Nearest Neighbour Classifier

Similar to SNIRF, NN trains on SALT2 summary statistics using a basic Nearest Neighbour algorithm from sklearn. It will produce a model.pkl file in its output directory when trained. You can configure it as per SNIRF:

CLASSIFICATION:
  NN_TEST:
    CLASSIFIER: NearestNeighborPyClassifier
    MODE: predict
    OPTS:
      MODEL: NN_TRAIN
      FITOPT: some_label  # Optional FITOPT to use. Match the label. Defaults to no FITOPT
      FEATURES: zHD x1 c cERR x1ERR COV_x1_c COV_x1_x0 COV_c_x0 PKMJDERR  # Columns to use. Defaults are shown.

Perfect Classifier

Sometimes you want to cheat, and if you have simulations, this is easy. The perfect classifier looks into the sims to get the actual type, and will then assign probabilities as per your configuration.
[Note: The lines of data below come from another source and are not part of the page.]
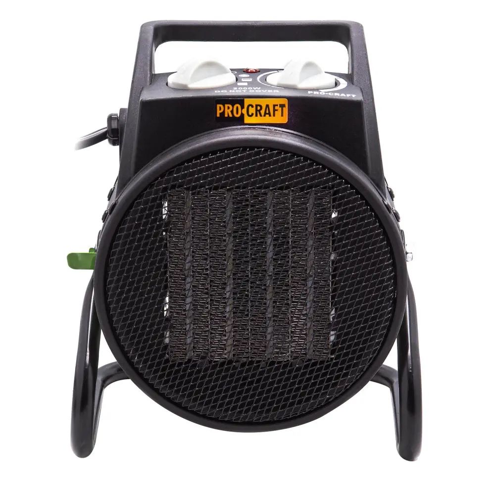 Тепловентилятор Procraft FP-20 - потужний промисловий настільний обігрівач з електричним теплоносієм. Завдяки потужності 2000 Вт він здатний забезпечити комфортну температуру на площі до 20 квадратних метрів. Він має ручку для зручного переміщення, що робить його мобільним і зручно переносним. Цей тепловентилятор є ідеальним варіантом для використання у промислових приміщеннях.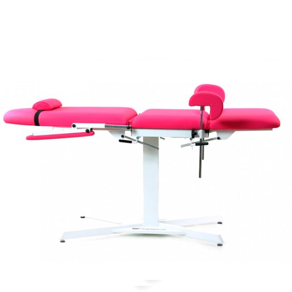 Poltrona ginecologica a tre sezioni ad altezza fissa . Include supporti ginecologici per le gambe, un vassoio rimovibile in acciaio inossidabile, braccioli pieghevoli per facilitare l'accesso laterale e un cuscino cervicale ergonomico .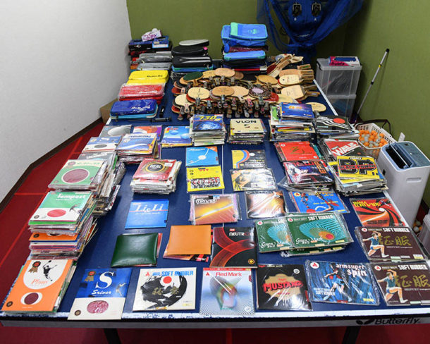 別冊グッズ2022に登場時の真中さん。お宝級のラバーらラケットがびっしりと並ぶ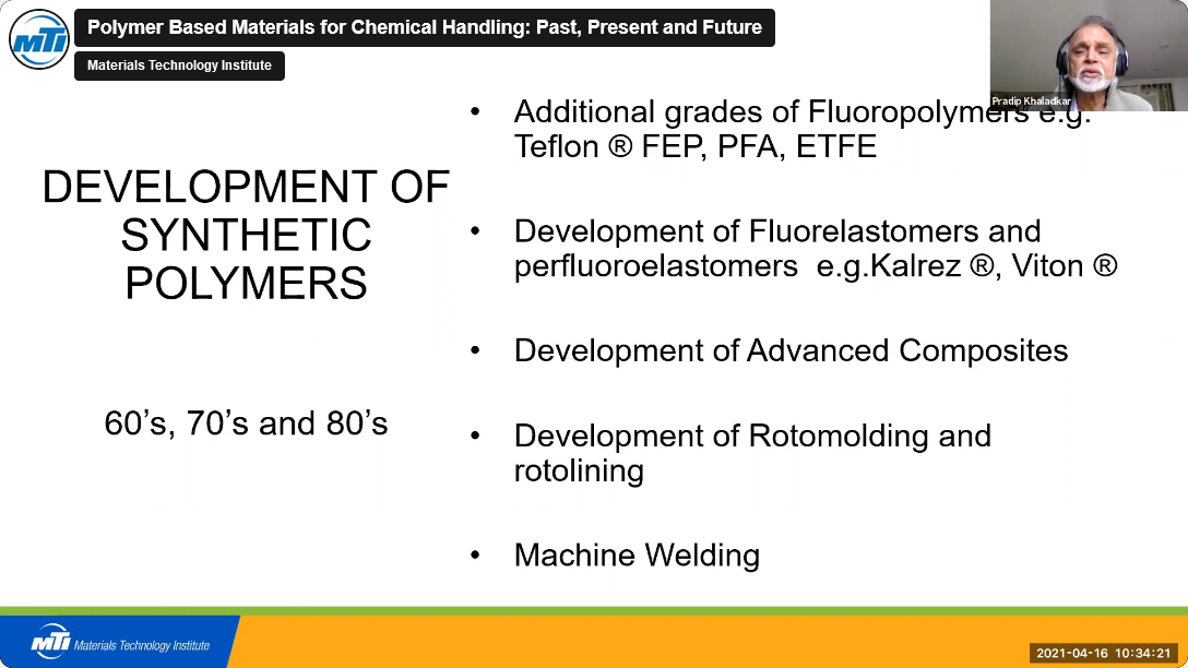 Polymer-based materials have been used since wooden vats were found to be corrosion resistant for pigment and dye manufacturing and properties of vulcanized rubber were discovered in 1832. Many materials have been invented since that time, and these materials are now commonly used for applications ranging from corrosion resistance to product purity. This presentation traces the evolution of polymer-based materials leading to the current state of the art. It reviews the challenges they face in the future and how the industry is responding to the critical issues related to accelerated testing for compatibility, nondestructive and non-intrusive testing for condition assessment and fitness for service evaluation.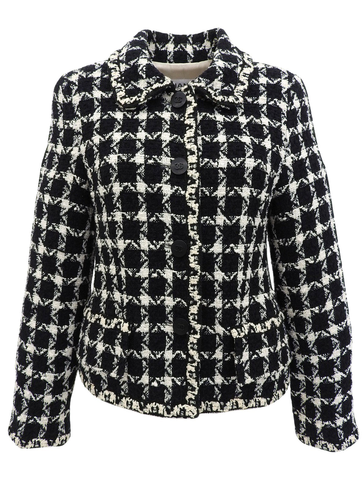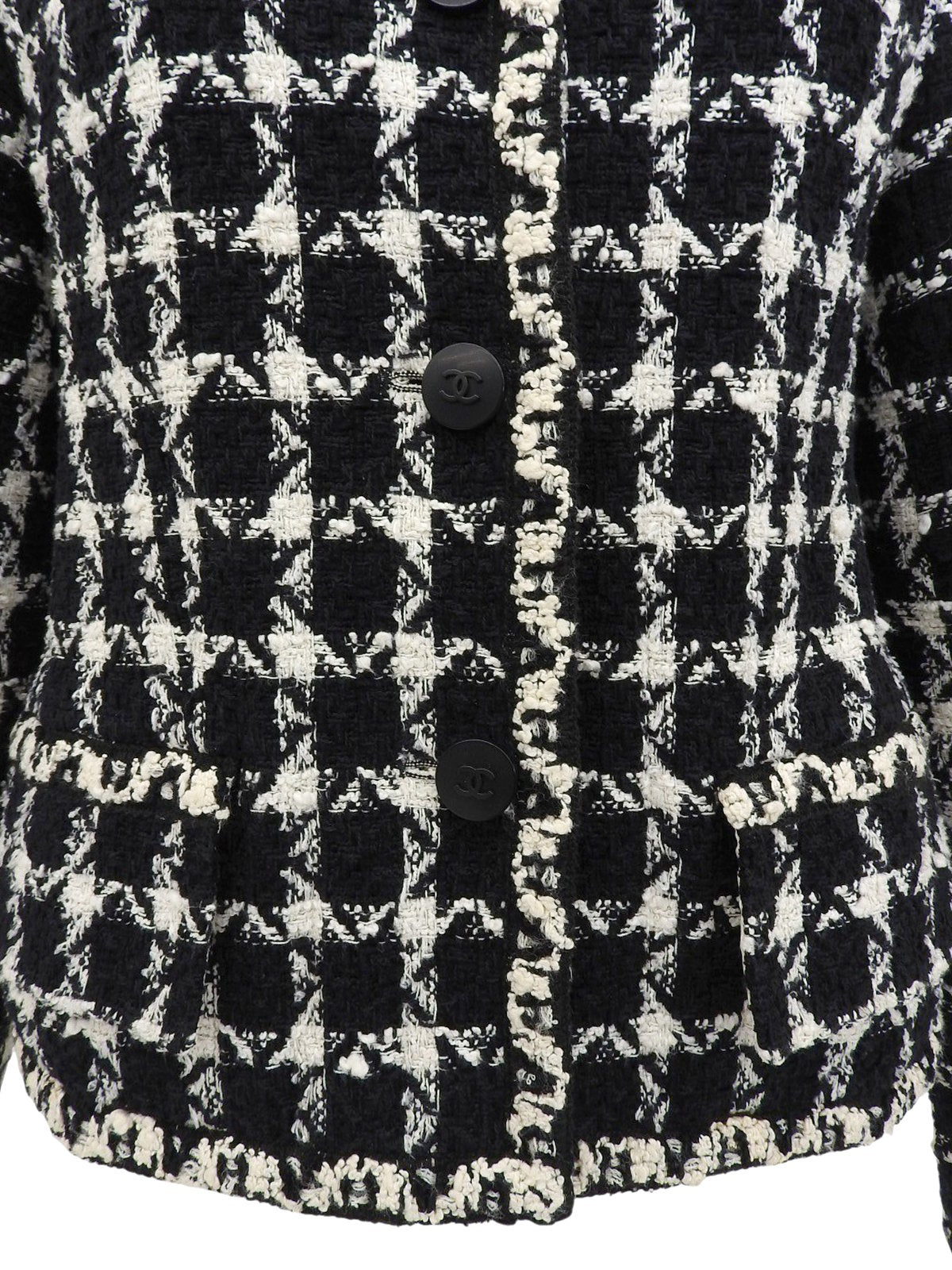 ツイードチェックパターンCCマークボタンジャケット ブラック/ホワイト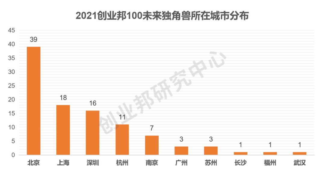 在100家未来独角兽企业中,“北上深杭”四个城市聚集着超过80家未来独角兽企业,其中北京以39家位居首位,其次是上海18家,深圳16家。

This classifier has no training mode, only predict.

CLASSIFICATION:
  PERFECT:
    CLASSIFIER: PerfectClassifier
    MODE: predict
    OPTS:
      PROB_IA: 1.0  # Probs to use for Ia events, default 1.0
      PROB_CC: 0.0  # Probs to use for CC events, default 0.0

Unity Classifier

To emulate a spectroscopically confirmed sample, or just to save time, we can assign every event a probability of 1.0 that it is a type Ia. As it just returns 1.0 for everything, it only has a predict mode

CLASSIFICATION:
  UNITY:
    CLASSIFIER: UnityClassifier
    MODE: predict

FitProb Classifier

Another useful debug test is to just take the SALT2 fit probability calculated from the chi2 fitting and use that as our probability. You’d hope that classifiers all improve on this. Again, this classifier only has a predict mode.

CLASSIFICATION:
  FITPROBTEST:
    CLASSIFIER: FitProbClassifier
    MODE: predict